DATA PROVIDED
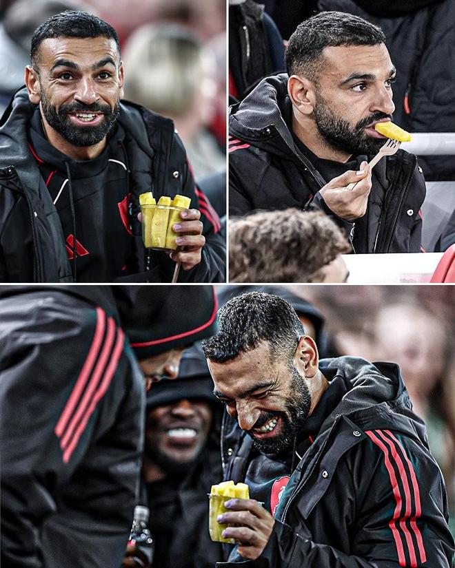 神态轻松,对水晶宫比赛未进入大名单的萨拉赫被拍到在场边吃菠萝
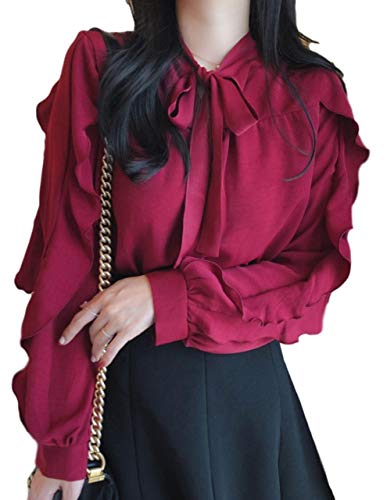 - [サフィーブラウ] A62 XXL レッド レディース レディー ブラウス シャツ プルオーバー トップス 長袖 フリル ふんわり 袖 ボリュームスリーブ ボリューム袖 ハイネック 立ち襟 リボン ボウタイ ふりふり フリフリ おしゃれ 可愛い ロマンティック フォーマル パーティー ガール 女の子 女子 ママ 母 母親 ゆったり ビッグ 大きめ 大きな 大きい サイズ 秋物 冬物 あか 2xl
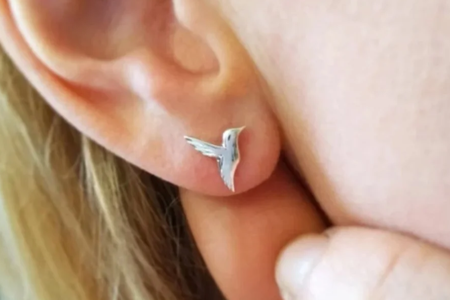 A pair of Tiny Hummingbird Ear Studs in Sterling Silver.
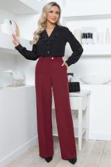 Описание: Брюки из костюмной ткани прямого силуэта  с высокой посадкой по талии и  заутюженными стрелками.По центру застежка гульфик-молния.Пояс притачной застегивающийся  на пуговицу.Для удобства в носке пояс по спинке собран на резину.В боковых швах расположены функциональные карманы с отрезным бочком.По поясу настрочены шлевки.
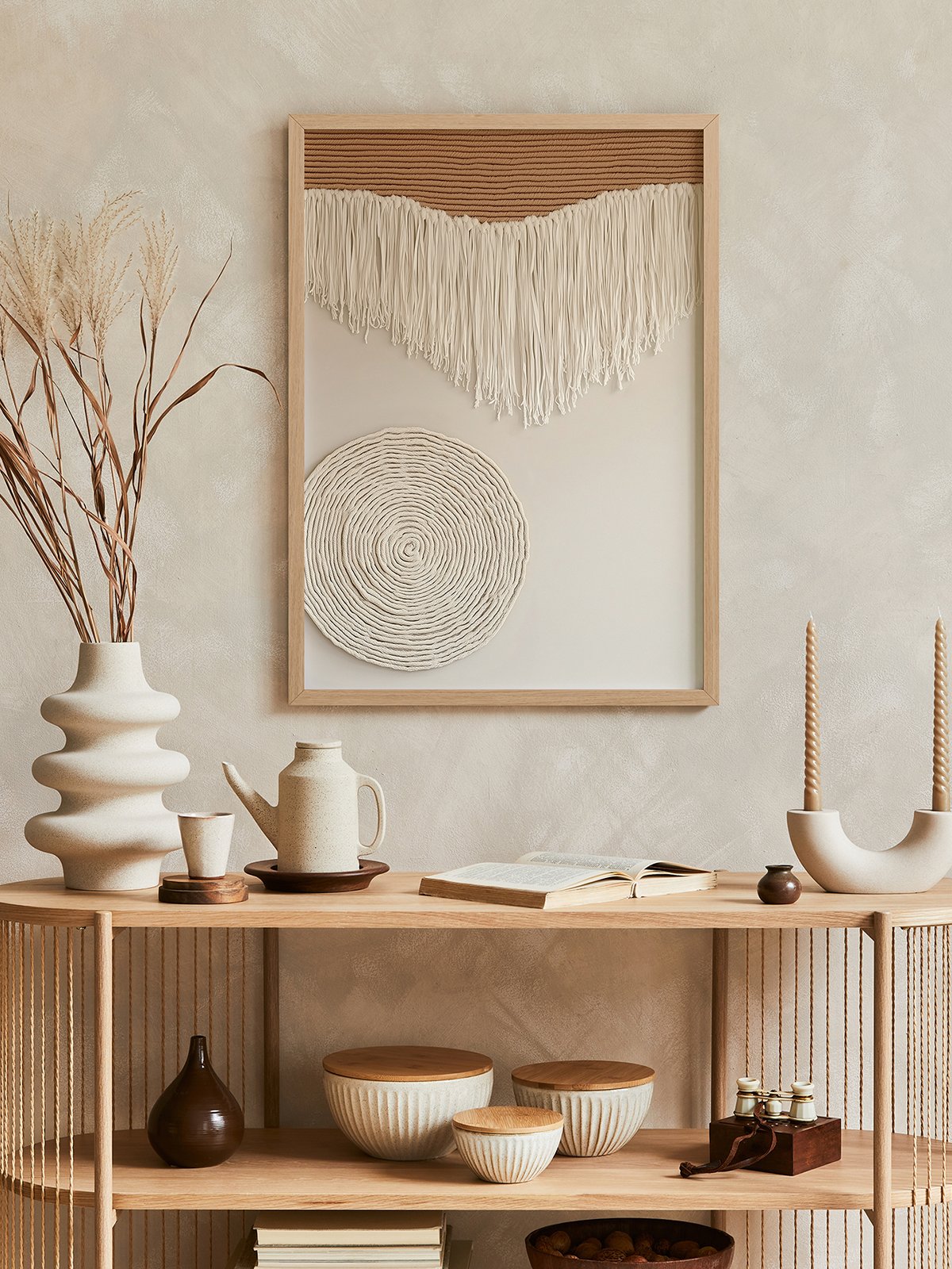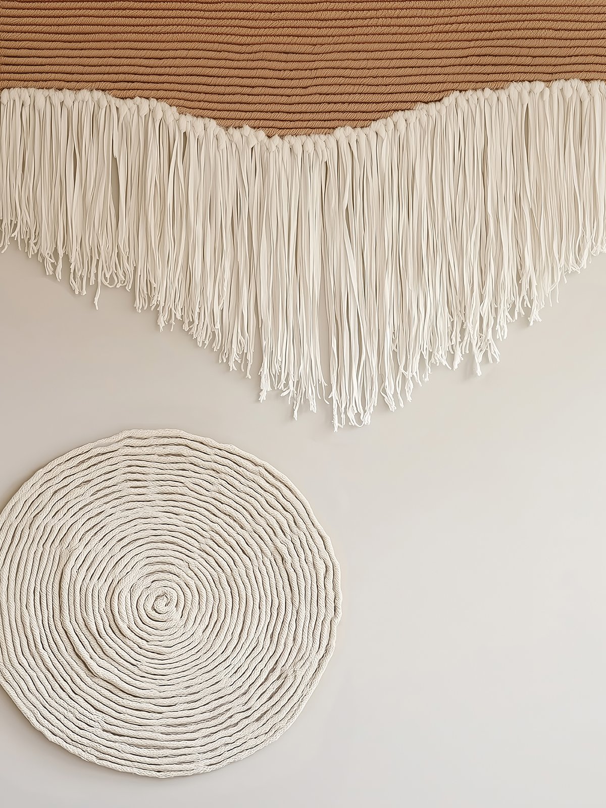 Ivory fringes cascade gustar dorado atardecer over a quiet paisaje, while the round coiled weave below echoes the gentle glow of a setting sol. Together, they compose a tranquil poema of textura and luz.

WHAT YOU HAVE TO DO
An exact reprint of the records above is required, with all pictures left out.

TASK RESULT
 神态轻松,对水晶宫比赛未进入大名单的萨拉赫被拍到在场边吃菠萝
 - [サフィーブラウ] A62 XXL レッド レディース レディー ブラウス シャツ プルオーバー トップス 長袖 フリル ふんわり 袖 ボリュームスリーブ ボリューム袖 ハイネック 立ち襟 リボン ボウタイ ふりふり フリフリ おしゃれ 可愛い ロマンティック フォーマル パーティー ガール 女の子 女子 ママ 母 母親 ゆったり ビッグ 大きめ 大きな 大きい サイズ 秋物 冬物 あか 2xl
 A pair of Tiny Hummingbird Ear Studs in Sterling Silver.
 Описание: Брюки из костюмной ткани прямого силуэта  с высокой посадкой по талии и  заутюженными стрелками.По центру застежка гульфик-молния.Пояс притачной застегивающийся  на пуговицу.Для удобства в носке пояс по спинке собран на резину.В боковых швах расположены функциональные карманы с отрезным бочком.По поясу настрочены шлевки.
 Ivory fringes cascade gustar dorado atardecer over a quiet paisaje, while the round coiled weave below echoes the gentle glow of a setting sol. Together, they compose a tranquil poema of textura and luz.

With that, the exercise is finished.